In the fall of 2021, Davidson College released a Call For Qualifications for the creation of a commemorative work of art to honor the contributions of enslaved people and others whose labor was exploited. The call was open to professional artists, architects, landscape architects, and design teams with experience managing, designing, and completing public art commissions.
The jury identified the most highly qualified artist(s)/architects/teams for this opportunity, and selected five finalists, including Studio Zewde.
Join the conversation with Studio Zewde during their Zoom Community Engagement session on September 6 from 7-8:30 p.m. RSVP here.

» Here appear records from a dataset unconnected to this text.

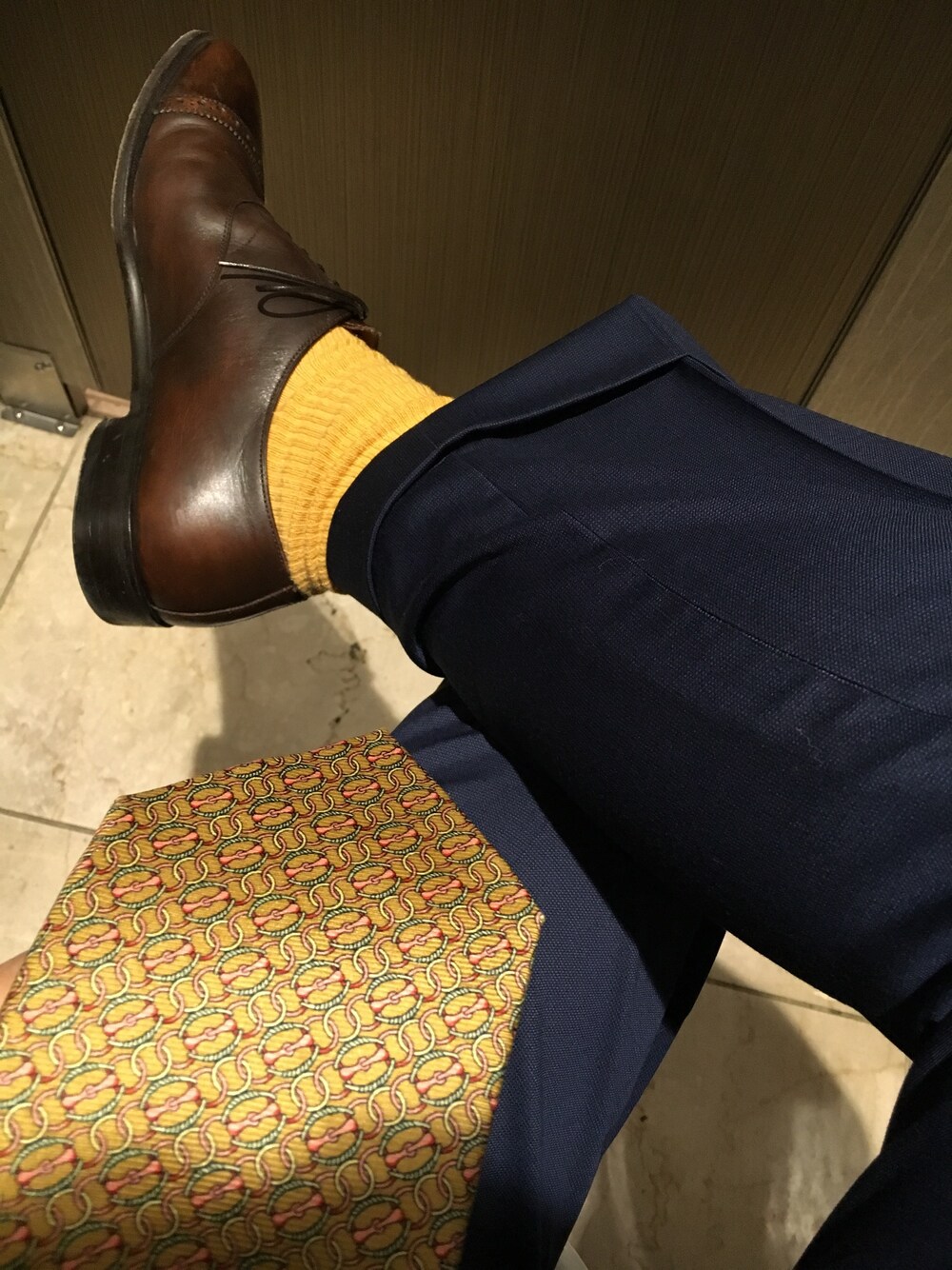 今日は黄色の靴下と黄色のネクタイを合わせてみました。 カッターシャツもUNIQLOです。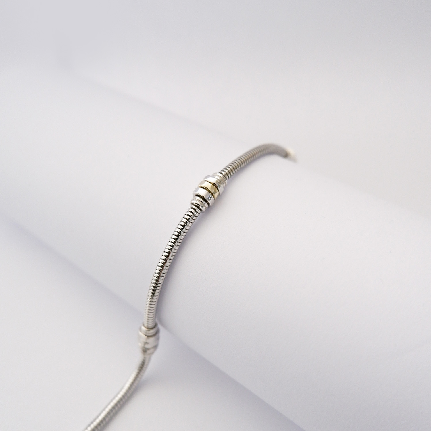 Bracciale Uomo modello Snake tondo in Argento925 rodio bianco con simbolo centrale in Oro 375. Lunghezza regolabile da 18 a 21 cm circa.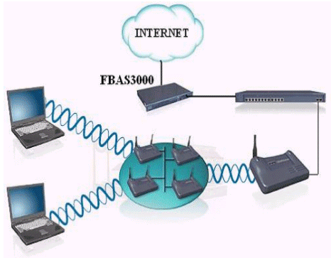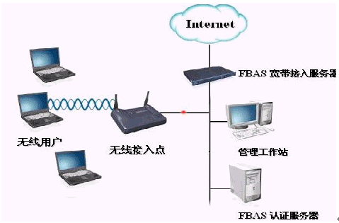 移動用戶通過自身的無線網(wǎng)卡傳遞信息到熱點(diǎn)接收器上,熱點(diǎn)接收器連接到交換機(jī)(是為了能具有更好的可拓展性),交換機(jī)連接到華夏科技FutureWorks寬帶計(jì)費(fèi)系統(tǒng)的FBAS接入服務(wù)器上,通過接入服務(wù)器連接到INTERNET.這里的FBAS3000系列的寬帶接入服務(wù)器采用的是一體機(jī)的模式,接入,認(rèn)證,計(jì)費(fèi)等一系列服務(wù)均安裝在FBAS里,這樣可以簡化網(wǎng)絡(luò)結(jié)構(gòu)。對FBAS的操作是通過WEB頁面來進(jìn)行設(shè)置維護(hù)的,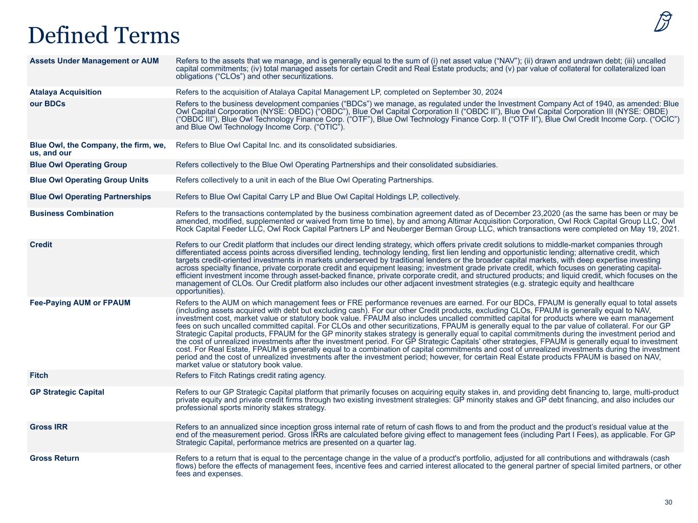 30 Defined Terms Assets Under Management or AUM Refers to the assets that we manage, and is generally equal to the sum of (i) net asset value (“NAV”); (ii) drawn and undrawn debt; (iii) uncalled capital commitments; (iv) total managed assets for certain Credit and Real Estate products; and (v) par value of collateral for collateralized loan obligations (“CLOs”) and other securitizations. Atalaya Acquisition Refers to the acquisition of Atalaya Capital Management LP, completed on September 30, 2024 our BDCs Refers to the business development companies (“BDCs”) we manage, as regulated under the Investment Company Act of 1940, as amended: Blue Owl Capital Corporation (NYSE: OBDC) (“OBDC”), Blue Owl Capital Corporation II (“OBDC II”), Blue Owl Capital Corporation III (NYSE: OBDE) (“OBDC III”), Blue Owl Technology Finance Corp. (“OTF”), Blue Owl Technology Finance Corp. II (“OTF II”), Blue Owl Credit Income Corp. (“OCIC”) and Blue Owl Technology Income Corp. (“OTIC”). Blue Owl, the Company, the firm, we, us, and our Refers to Blue Owl Capital Inc. and its consolidated subsidiaries. Blue Owl Operating Group Refers collectively to the Blue Owl Operating Partnerships and their consolidated subsidiaries. Blue Owl Operating Group Units Refers collectively to a unit in each of the Blue Owl Operating Partnerships. Blue Owl Operating Partnerships Refers to Blue Owl Capital Carry LP and Blue Owl Capital Holdings LP, collectively. Business Combination Refers to the transactions contemplated by the business combination agreement dated as of December 23,2020 (as the same has been or may be amended, modified, supplemented or waived from time to time), by and among Altimar Acquisition Corporation, Owl Rock Capital Group LLC, Owl Rock Capital Feeder LLC, Owl Rock Capital Partners LP and Neuberger Berman Group LLC, which transactions were completed on May 19, 2021. Credit Refers to our Credit platform that includes our direct lending strategy, which offers private credit solutions to middle-market companies through differentiated access points across diversified lending, technology lending, first lien lending and opportunistic lending; alternative credit, which targets credit-oriented investments in markets underserved by traditional lenders or the broader capital markets, with deep expertise investing across specialty finance, private corporate credit and equipment leasing; investment grade private credit, which focuses on generating capital- efficient investment income through asset-backed finance, private corporate credit, and structured products; and liquid credit, which focuses on the management of CLOs. Our Credit platform also includes our other adjacent investment strategies (e.g. strategic equity and healthcare opportunities). Fee-Paying AUM or FPAUM Refers to the AUM on which management fees or FRE performance revenues are earned. For our BDCs, FPAUM is generally equal to total assets (including assets acquired with debt but excluding cash). For our other Credit products, excluding CLOs, FPAUM is generally equal to NAV, investment cost, market value or statutory book value. FPAUM also includes uncalled committed capital for products where we earn management fees on such uncalled committed capital. For CLOs and other securitizations, FPAUM is generally equal to the par value of collateral. For our GP Strategic Capital products, FPAUM for the GP minority stakes strategy is generally equal to capital commitments during the investment period and the cost of unrealized investments after the investment period. For GP Strategic Capitals’ other strategies, FPAUM is generally equal to investment cost. For Real Estate, FPAUM is generally equal to a combination of capital commitments and cost of unrealized investments during the investment period and the cost of unrealized investments after the investment period; however, for certain Real Estate products FPAUM is based on NAV, market value or statutory book value. Fitch Refers to Fitch Ratings credit rating agency. GP Strategic Capital Refers to our GP Strategic Capital platform that primarily focuses on acquiring equity stakes in, and providing debt financing to, large, multi-product private equity and private credit firms through two existing investment strategies: GP minority stakes and GP debt financing, and also includes our professional sports minority stakes strategy. Gross IRR Refers to an annualized since inception gross internal rate of return of cash flows to and from the product and the product’s residual value at the end of the measurement period. Gross IRRs are calculated before giving effect to management fees (including Part I Fees), as applicable. For GP Strategic Capital, performance metrics are presented on a quarter lag. Gross Return Refers to a return that is equal to the percentage change in the value of a product's portfolio, adjusted for all contributions and withdrawals (cash flows) before the effects of management fees, incentive fees and carried interest allocated to the general partner of special limited partners, or other fees and expenses.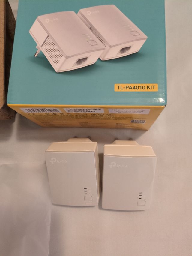Detalles del productoKit de dos adaptadores PLC TP-Link TL-PA4010 en perfecto estado. Son de color blanco y se encuentran en su caja original.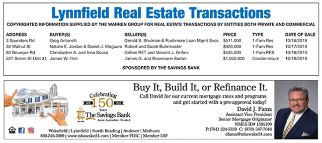 Lynnfield Real Estate Transactions published November 6, 2019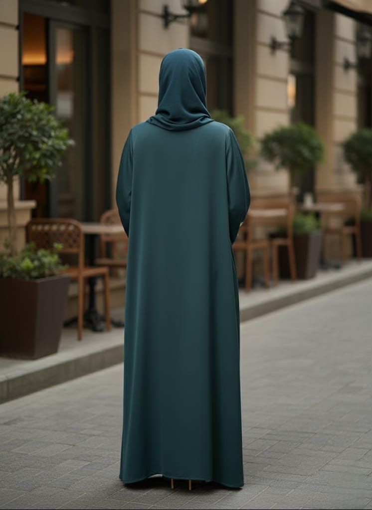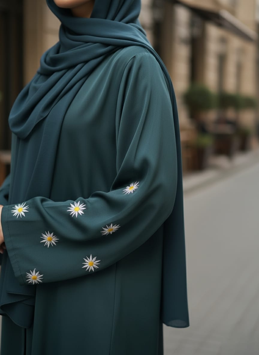 Elevate your everyday look with this teal front-open abaya, adorned with delicate floral embroidery on the sleeves. Designed in a graceful silhouette with a flowing drape, this piece combines modest fashion with understated charm. Complete with a matching hijab, it’s perfect for refined gatherings or sophisticated daywear.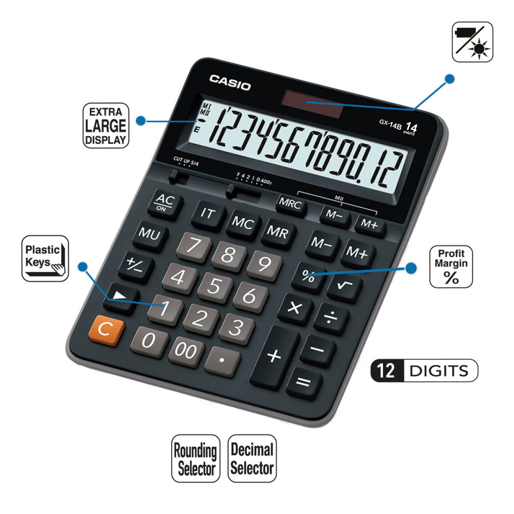 CALCULADORA BASICA DE ESCRITORIO CASIO GX-14B TAMAÑO GRANDE 14 DIGITOS

Studio Zewde invites residents and members of the local Davidson community, along with the students, faculty, and staff of Davidson College to join us for a collective discussion on the embedded and not so embedded associations of some of the most iconic elements of Davidson College’s campus. In view of the initiative to commemorate enslaved and exploited laborers on campus, the event will engage in a dialogue regarding the legacy, history, associations of key visual elements of the campus.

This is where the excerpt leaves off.